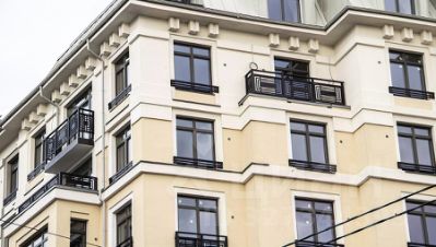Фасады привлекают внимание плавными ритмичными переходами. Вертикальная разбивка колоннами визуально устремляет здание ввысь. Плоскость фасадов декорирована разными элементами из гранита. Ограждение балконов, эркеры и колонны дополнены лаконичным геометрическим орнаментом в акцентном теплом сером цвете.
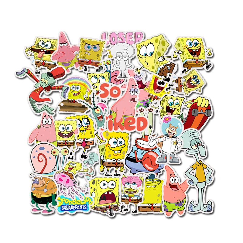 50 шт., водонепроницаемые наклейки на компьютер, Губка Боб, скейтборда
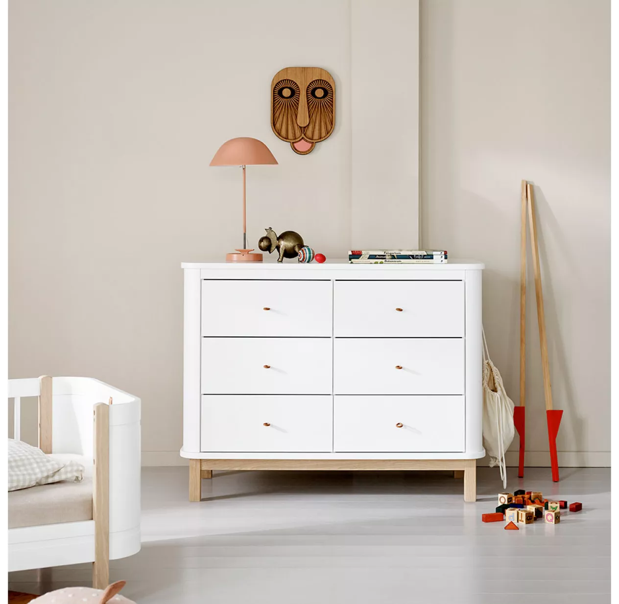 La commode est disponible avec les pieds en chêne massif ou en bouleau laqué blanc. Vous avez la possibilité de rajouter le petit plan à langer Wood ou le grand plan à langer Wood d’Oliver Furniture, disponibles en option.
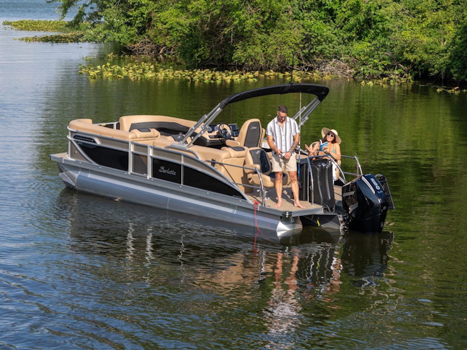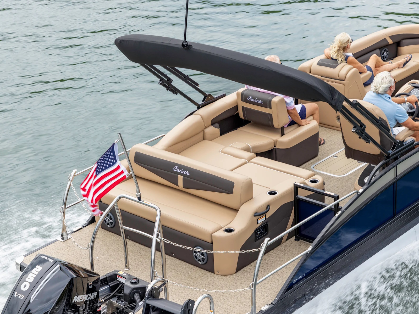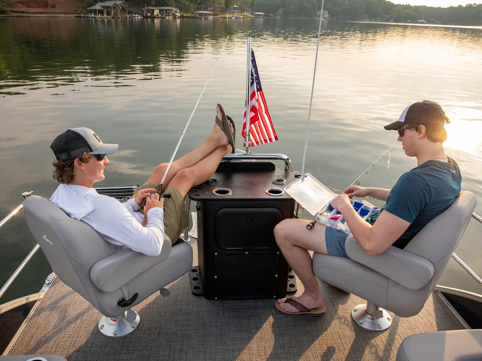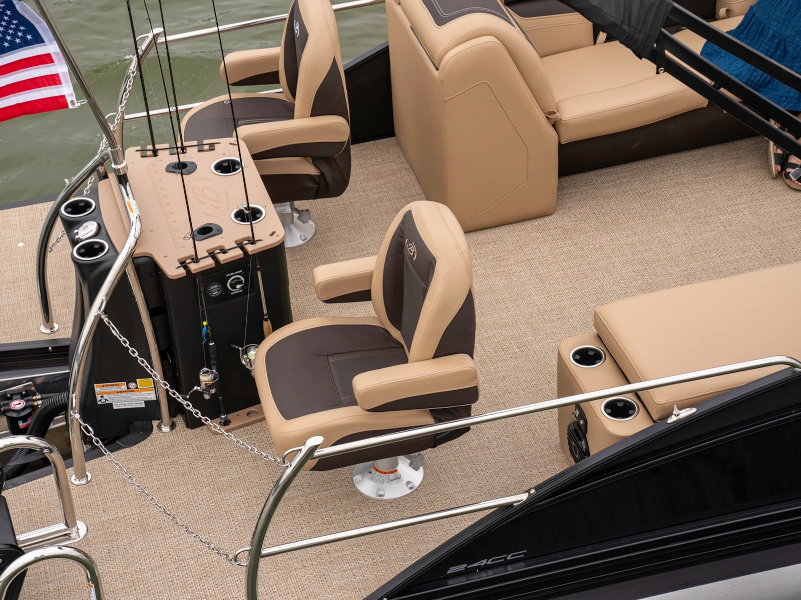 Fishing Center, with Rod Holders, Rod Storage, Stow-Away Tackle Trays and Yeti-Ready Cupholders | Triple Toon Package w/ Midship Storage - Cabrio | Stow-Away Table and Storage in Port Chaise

□ □ □ □ □

**WHAT YOU ARE ASKED TO DO**
If a picture appears in the data, omit it; transcribe all the rest exactly.

**EXERCISE RESULT**
Фасады привлекают внимание плавными ритмичными переходами. Вертикальная разбивка колоннами визуально устремляет здание ввысь. Плоскость фасадов декорирована разными элементами из гранита. Ограждение балконов, эркеры и колонны дополнены лаконичным геометрическим орнаментом в акцентном теплом сером цвете.
 50 шт., водонепроницаемые наклейки на компьютер, Губка Боб, скейтборда
 La commode est disponible avec les pieds en chêne massif ou en bouleau laqué blanc. Vous avez la possibilité de rajouter le petit plan à langer Wood ou le grand plan à langer Wood d’Oliver Furniture, disponibles en option.
 Fishing Center, with Rod Holders, Rod Storage, Stow-Away Tackle Trays and Yeti-Ready Cupholders | Triple Toon Package w/ Midship Storage - Cabrio | Stow-Away Table and Storage in Port Chaise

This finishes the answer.